Parental reluctance to have their children vaccinated has been linked to outbreaks of certain vaccine-preventable diseases and postulated to have a role in outbreaks of these diseases, particularly measles.7 Despite evidence of sustained measles elimination in Australia,8 there have been isolated measles outbreaks since 2011–12.9 In the USA, parents refusing vaccination for their children on religious or other grounds featured prominently in the three largest measles outbreaks of 2013, which occurred in New York City, North Carolina and Texas, where the virus spread among members of a church taught to distrust vaccination.10 The hypothetical association between the measles, mumps, rubella (MMR) vaccine and autism remains one of the most frequently stated concerns by vaccine-hesitant parents despite a causal association being consistently refuted.11
Australian national immunisation rates are relatively stable and currently fall between 89.7 and 92.3% across all age groups.12 There has been a small downward trend in the 12 to less than 15-months age group across all states and coverage recorded on 31 March 2014 was <90% for the first time in 14 years. Although this is likely to be multifactorial, vaccine hesitancy could be a contributing factor. There are clusters of communities who refuse vaccines in each state in Australia; the refusal rate is up to 7% in towns such as Lismore in NSW. According to the most recent National Health Priority Area (NHPA) report (NHPA 2013), almost 80 000 Australian children under 7 years had not been fully immunised in 2011–2012.

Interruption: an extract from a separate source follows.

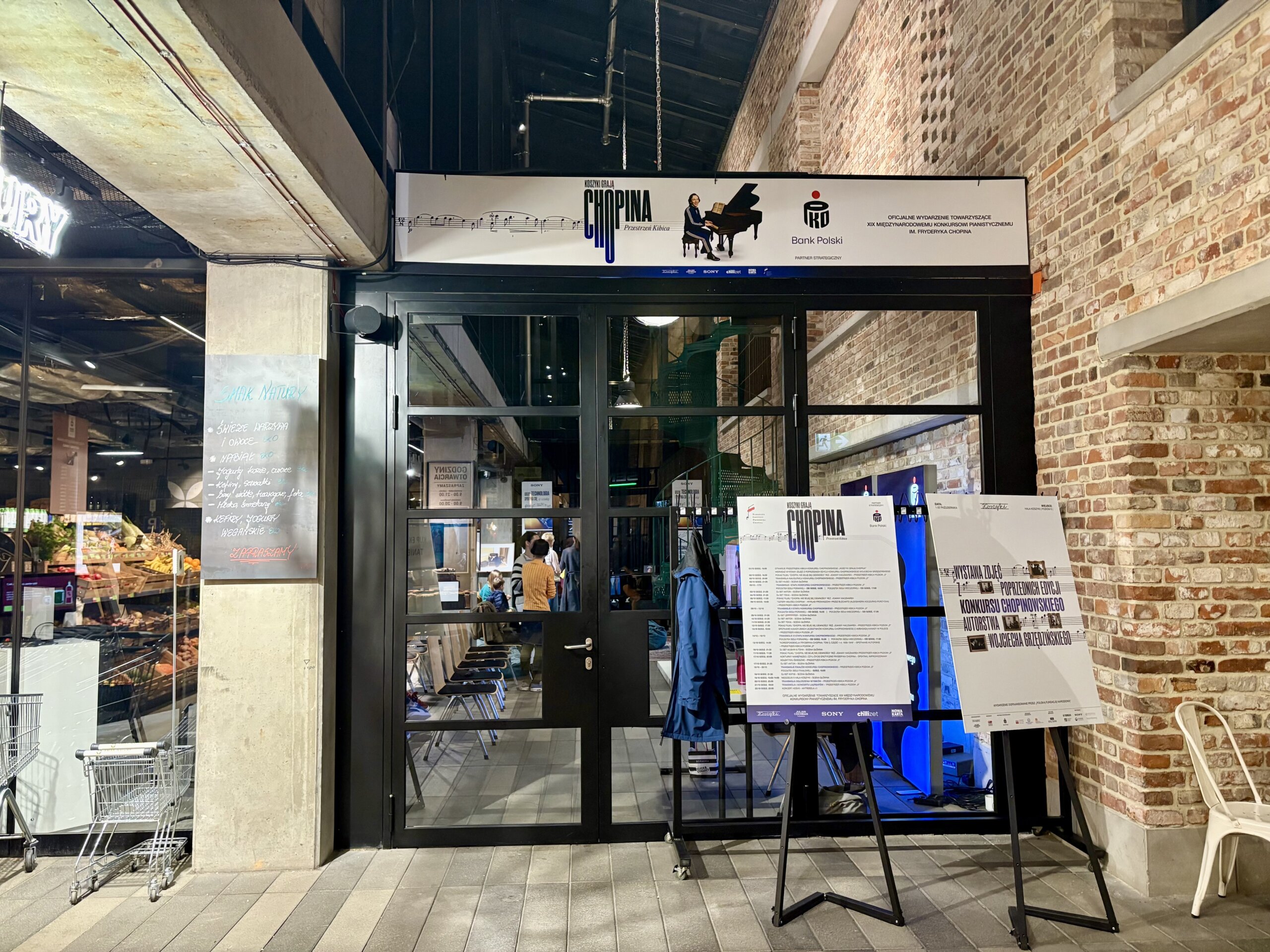 一応ショパンコンクールっぽい看板があるものの、どこにあるのかわからず、お酒を飲んでいる人々を横目にさまようこと数分……ピアノの音が聞こえてきました!

Vaccine hesitancy, herd immunity and the safety of selective vaccination schedules
It is clear that the pockets of vaccine refusers, including those who delay vaccination or adopt selective vaccination schedules, pose a risk to the whole community by threatening the circles of protection created by herd immunity. To provide optimal herd immunity, vaccine coverage above 90% is generally required for most vaccines but is higher for some vaccines, such as measles for which 95% coverage is optimal.13 Some parents are choosing to adopt selective vaccination schedules for their children, but these schedules have not been tested for safety.14 Vaccine recommendations are made to offer protection when a child is most at risk of disease acquisition, to stimulate an optimal immune response and to minimise adverse events. Delaying a vaccine, such as the MMR vaccine, may be done with minimal awareness of the consequences.15 The long-term impact of selective schedules on herd immunity and control of now uncommon vaccine-preventable diseases in developed countries, such as hepatitis B, Haemophilus influenzae type B (Hib) and polio, is unknown.16
What are the most common concerns that parents have about vaccination?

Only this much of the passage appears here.